Piccadily Holiday Resorts … vs Dcit on 21 April, 2005
Income Tax Appellate Tribunal – Delhi
Piccadily Holiday Resorts … vs Dcit on 21 April, 2005
Equivalent citations: 2005 94 ITD 267 Delhi, 2005 278 ITR 154 Delhi, (2005) 97 TTJ Delhi 362
Bench: R Easwar, Vice, P Jagtap

ORDER P.M. Jagtap, Accountant Member

1. This appeal by the assessee company is directed against the order of learned CIT(A)-XVII, New Delhi dated 11/11/2002 and the only issue arising from the grounds raised therein relates to its claim for deduction on account of commission paid to property agent in computation of income from house property which has been disallowed by the authorities below.

2. The assessee in the present case is a company deriving income from its hotel business as well as income from house property. A return of income was filed by it for the year under consideration declaring a total income at Rs. 9,44,390/- which was inclusive of income declared under the head “income from house property” amounting to Rs. 3,90,409/-. During the course of assessment proceedings, it was noticed by the Assessing Officer that the assessee company has claimed deduction of Rs. 16,54,000/- on account of commission paid in computation of its income under the head “income from house property”. He, therefore, required the assessee to explain the deduction so claimed and in reply, it was submitted on behalf of the assessee company that the deduction on account of commission has been claimed under the charging Section of “income from house property” and since the rent actually received or receivable by the assessee was only the net amount after payment of commission, such net income was chargeable to tax under the head “income from house property”. The Assessing Officer, however, did not find merits in the submission made on behalf of the assessee company and disallowed the claim of the assessee for deduction of Rs. 16,54,000/- on account of commission. The matter was carried before the learned CIT(A) in an appeal preferred by the assessee company and it was submitted on its behalf before him that it could manage to let out its property only with the help of property agents and since the actual rent received by it was after the payment of commission to the said agents, such net amount only was chargeable to tax under the head “income from house property”. It was also submitted that while computing income from house property, the commission paid should be reduced from the rent received because this amount had never been received by the assessee company. These submissions made on behalf of the assessee company, however, did not find favour with the learned CIT(A) and rejecting the same, he proceeded to confirm the disallowance made by the Assessing Officer on this issue observing that the commission paid to property agent amounting to Rs. 16,54,000/- was not deductible for the purpose of computation of income of the assessee chargeable to tax under the head “income from house property” either under Section 23 or under Section 24. Aggrieved by the order of learned CIT(A), the assessee is in appeal before us.

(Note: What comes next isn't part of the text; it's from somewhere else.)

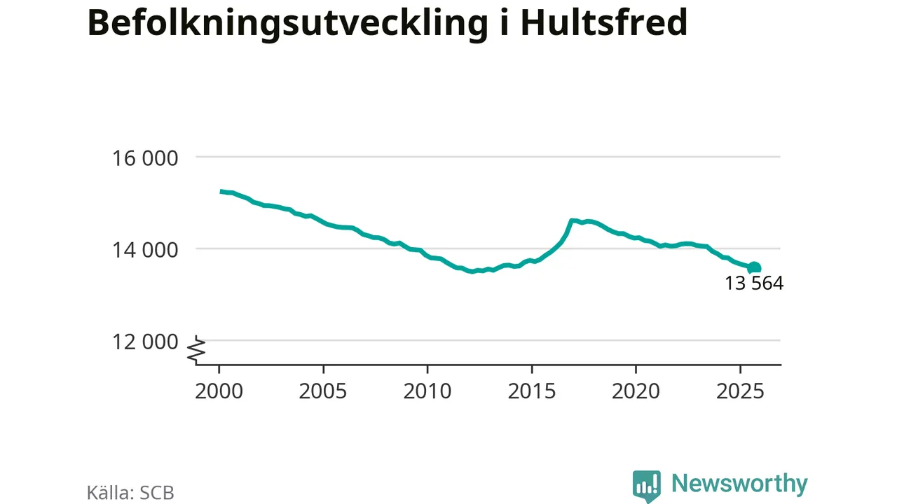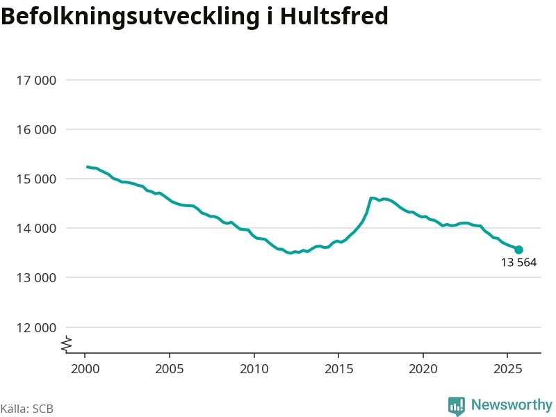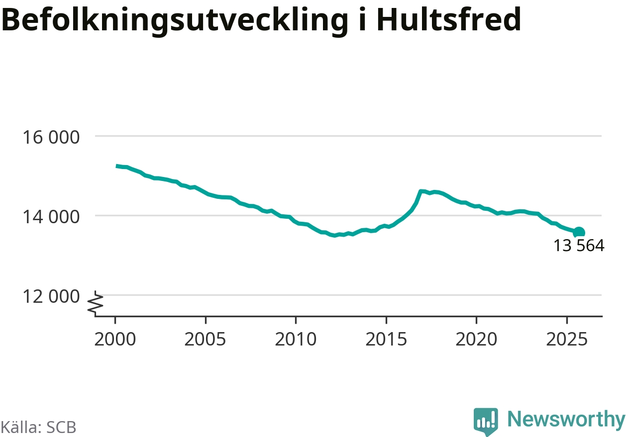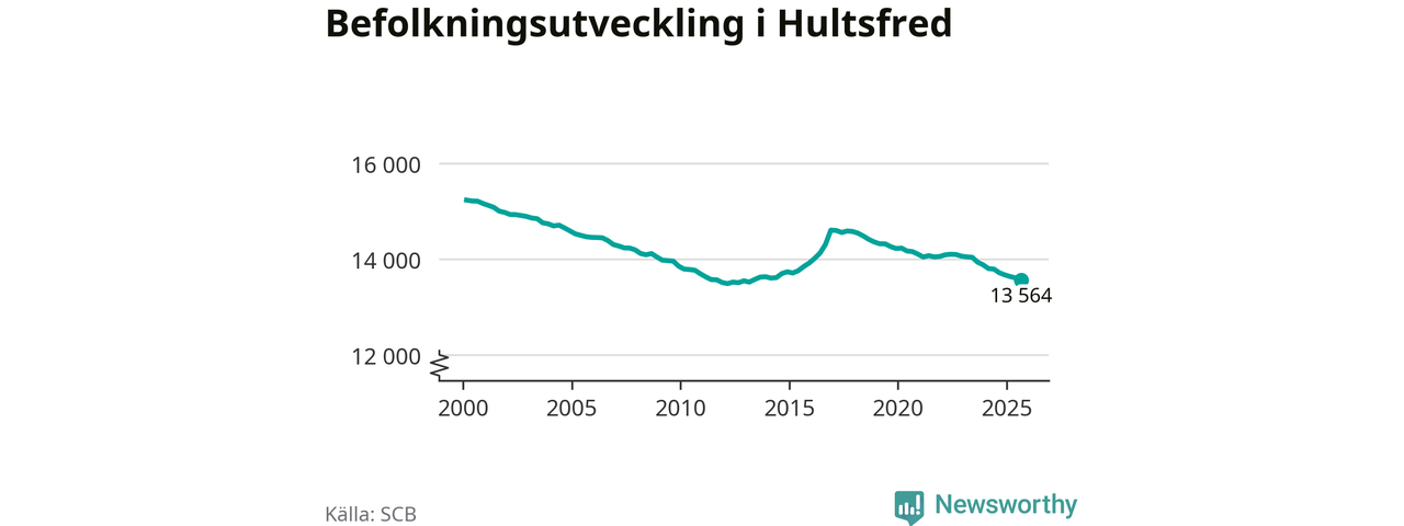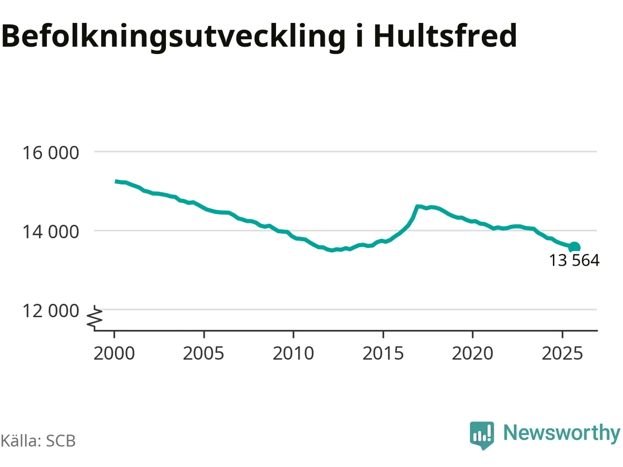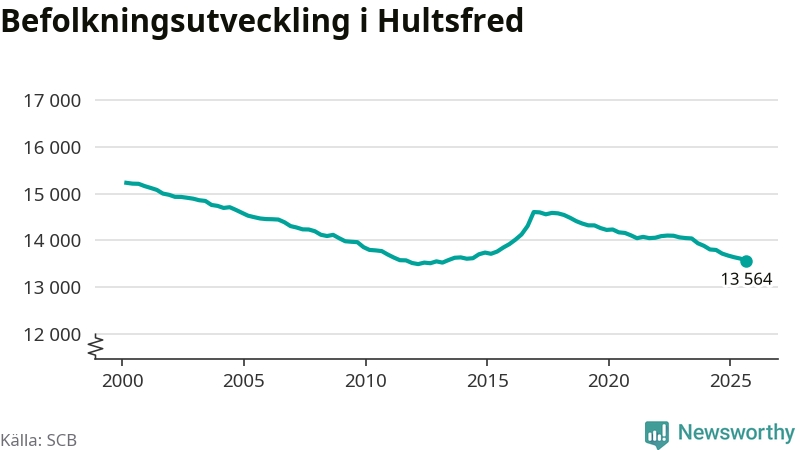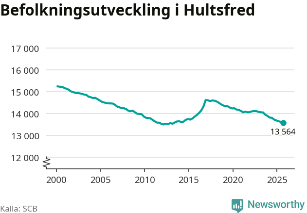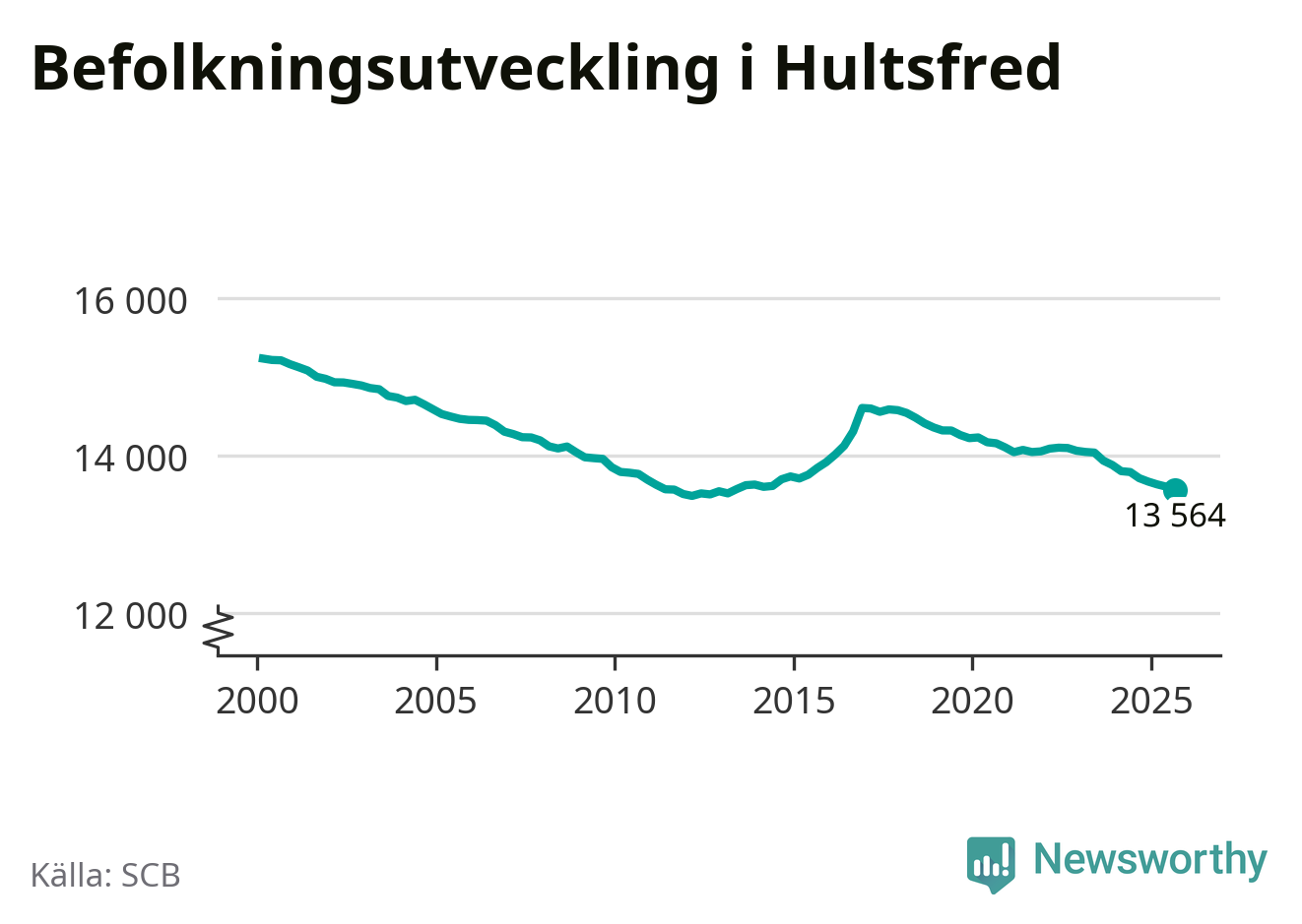Jämfört med för ett år sedan har befolkningen i Hultsfred minskat med ungefär 150 personer – vilket motsvarar en nedgång på 1,1 procent. Sedan millennieskiftet har folkmängden minskat med 1 670 personer, eller 11 procent.

3. The learned counsel for the assessee submitted before us that the commission amount in question was paid by the assessee company to property agent for the services rendered in connection with letting out of its property on good terms and since the said property could fetch good amount of rent only because of the services rendered by the property agents, commission paid to them was directly related to the rental income received by the assessee company. He submitted that the commission payment thus was directly connected with the rental income and the property agents having overriding title on such rental income to the extent of commission payment, the net amount of rental income after deduction of commission payment actually received by the assessee company only was chargeable to tax under the head “income from house property”. Referring to the provisions of Section 2(24), he submitted that tax is chargeable on income and since such income means net profit after deduction of all expenses, what is chargeable to tax is only the net income after deduction of all the expenses. He also referred to the provisions of Section 4 to contend that income tax is charged in respect of the income which clearly means net income after deduction of all the expenses incurred for the purpose of earning such income.

4. The learned counsel for the assessee contended that classification of income under the different heads has been done merely for the purpose of computation of total income and since such classification is a matter of convenience, the same cannot override the basic charging provisions contained in Section 4. He also contended that since the property agent was having overriding title on the rental income to the extent of his commission, income from rent to the extent of such commission payment did not accrue to the assessee at all. In support of this contention, he relied on the decisions of Hon’ble Supreme Court in the case of CIT v. Imperial Chemical Industries (India) Pvt. Ltd. – 74 ITR 17, CIT v. Travancore Sugars and Chemicals Ltd.- 88 ITR 1, CIT, Bombay City II v. Sitaldas Tirathdas- 41 ITR 367 and on the decision of Hon’ble Calcutta High Court, in the case of CIT v. Jhanzie Tea Association – 179 ITR 295. He further contended that there is no dispute about the fact that expenditure amounting to Rs. 16.54 lakhs was actually incurred by the assessee company on payment of commission and the same could alternatively be allowed under the head “income from other sources” and resultant loss could be allowed to be set off against income from other heads.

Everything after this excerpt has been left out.